NaNoWriMo

My 84 students are all participating in Young Writers’ NaNoWriMo this month. I hadn’t really intended to do it myself; I have to support my students, after all, but one thing led to another. The support teaching materials are wonderful, and I just couldn’t resist the pull. The biggest challenge is that adult NaNoWriMo participants have to write 50,000 words during November.

This doesn’t really sit well with my writing style. I usually revise as I go, always starting the day’s work by reading the previous day’s work, but when you have to write about 1,700 words per day, you just don’t have time to do that. If every day was a Saturday or Sunday—sure, but I seem to have a lot of Mondays through Fridays in between.

The day before NaNoWriMo started, I realized that I didn’t actually have a plot. I liked my premise, but I didn’t know what was going to happen. We’d discovered in our classes that it was fun to work out what our protagonists’ most basic needs were, using an updated Maslow’s Hierarchy. This had me stumped, and I stewed over this for several days. I didn’t have time to do any planning the night before, either, because a) it was Halloween and b) something possessed me earlier in the day and I decided to make all of my 84 students a little NaNoWriMo Survival Kit. This took about five hours longer than expected and I went to bed exhausted, planless, and just a bit cranky that I hadn’t had the time to do my full witch getup. Poo.

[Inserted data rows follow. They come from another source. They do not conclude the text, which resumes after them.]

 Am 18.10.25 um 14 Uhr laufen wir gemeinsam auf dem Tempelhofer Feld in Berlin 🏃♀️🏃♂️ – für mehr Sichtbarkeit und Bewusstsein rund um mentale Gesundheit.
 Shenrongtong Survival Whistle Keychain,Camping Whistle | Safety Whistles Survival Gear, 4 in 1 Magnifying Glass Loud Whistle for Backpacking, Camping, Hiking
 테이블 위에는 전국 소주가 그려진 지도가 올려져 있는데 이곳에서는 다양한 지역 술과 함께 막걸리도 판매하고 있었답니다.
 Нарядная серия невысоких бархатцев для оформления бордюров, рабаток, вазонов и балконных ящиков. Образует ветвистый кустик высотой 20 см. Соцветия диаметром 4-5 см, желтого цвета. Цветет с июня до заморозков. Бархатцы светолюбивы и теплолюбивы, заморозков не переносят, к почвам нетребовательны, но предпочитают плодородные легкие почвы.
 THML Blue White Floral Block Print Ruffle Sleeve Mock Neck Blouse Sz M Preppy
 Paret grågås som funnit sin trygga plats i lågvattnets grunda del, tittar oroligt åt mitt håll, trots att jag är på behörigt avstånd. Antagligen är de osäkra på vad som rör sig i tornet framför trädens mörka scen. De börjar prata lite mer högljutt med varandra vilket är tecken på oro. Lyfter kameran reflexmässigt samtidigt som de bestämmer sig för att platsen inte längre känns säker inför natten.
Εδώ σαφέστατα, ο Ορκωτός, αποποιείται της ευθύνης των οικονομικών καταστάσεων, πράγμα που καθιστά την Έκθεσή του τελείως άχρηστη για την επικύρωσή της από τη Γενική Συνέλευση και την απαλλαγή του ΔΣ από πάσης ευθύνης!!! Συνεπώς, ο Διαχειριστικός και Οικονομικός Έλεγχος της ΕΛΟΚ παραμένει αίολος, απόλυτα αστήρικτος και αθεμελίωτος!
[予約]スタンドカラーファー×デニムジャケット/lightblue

Today it’s the end of Day 4, and I’m on 5057 words. It’s a little under par, but not too much. I’ve learned that the secret to my success to to follow a plan. I’m terrified that at the end of the month I’ll have unusable rubbish, so I’m using every spare minute to think ahead. I learned tonight that there are tons of NaNoWriMo-ers in Hong Kong. Can’t wait to get together for a writing session or two.

Here’s my first sentence:

I’ve been to 179 funerals in three years, and I can tell you that the most alive you will ever be is at your own funeral.

I promise not to write about NaNoWriMo every month.

2 thoughts on “NaNoWriMo

  1. Good God. 179 funerals in 3 years? That’s a pretty catching first sentence.